Interacting with the application

We can use the frontend-console application to interact with the DApp. Ensure that the application has already been built before using it.

First, go to a separate terminal window and switch to the frontend-console directory:

cd frontend-console

Then, send an input sentence as follows:

yarn start input send --payload "This is a great example"

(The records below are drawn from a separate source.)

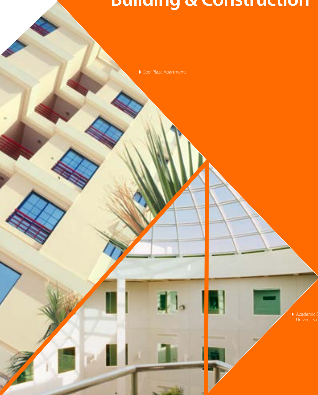
► Seef Plaza Apartments
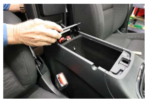
Pry up manual neutral cover located under armrest near the hinge.
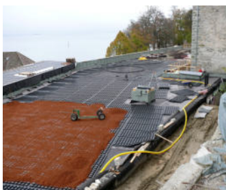
The drainage and water storage element Floradrain® FD 60 makes sure that the overall roof area is being drained properly via its two narrow edges.

The weight of the green roof build-up played an exceptional role in the construction as it contributes to the building withstanding the slope pressure.
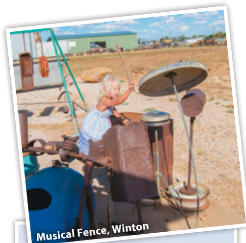
Musical Fence, Winton

With the western sun in your rear view mirror, make the last leg of the drive back to Townsville. Oh, and if you missed the original Woodstock and always wished you'd been, here's your chance to take a rest break just after the half way mark at Australia's very own namesake town.
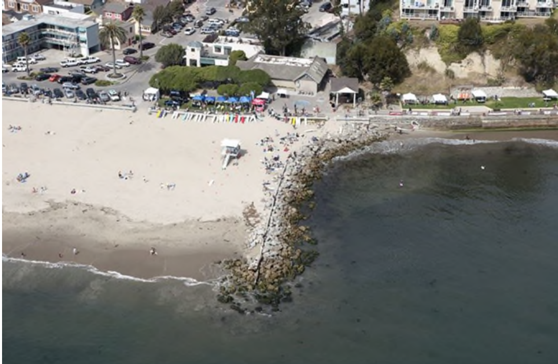
Figure 9: Groin at Capitola Beach.
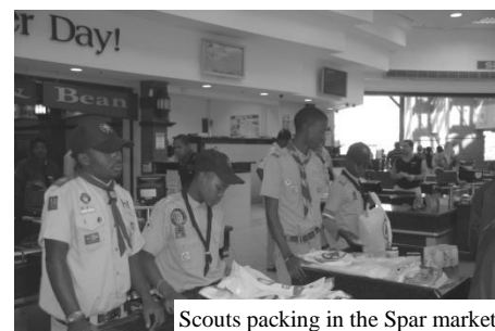
Scouts packing in the Spar market

wonderful Scouts were absolutely friendly and helpful. People were curious and wanted to know more and more about Scouting in langa and worldwide. A great opportunity to show who we are!

The results for the inference will be sent as a notice. The notices can be viewed with the command:

yarn start notice list

Running the environment in host mode

When developing an application, it is often important to easily test and debug it. For that matter, it is possible to run the Cartesi Rollups environment in host mode, so that the DApp's back-end can be executed directly on the host machine, allowing it to be debugged using regular development tools such as an IDE.

This DApp's back-end is written in Python, so to run it in your machine you need to have python3 installed.

In order to start the back-end, run the following commands in a dedicated terminal:

cd sentiment/
python3 -m venv .venv
. .venv/bin/activate
pip install -r requirements.txt
ROLLUP_HTTP_SERVER_URL="http://127.0.0.1:5004" python3 sentiment.py

The final command will effectively run the back-end and send corresponding outputs to port 5004. It can optionally be configured in an IDE to allow interactive debugging using features like breakpoints.

You can also use a tool like entr to restart the back-end automatically when the code changes. For example:

ls *.py | ROLLUP_HTTP_SERVER_URL="http://127.0.0.1:5004" entr -r python3 sentiment.py

After the back-end successfully starts, it should print an output like the following:

INFO:__main__:HTTP rollup_server url is http://127.0.0.1:5004
INFO:__main__:Sending finish

After that, you can interact with the application normally as explained above.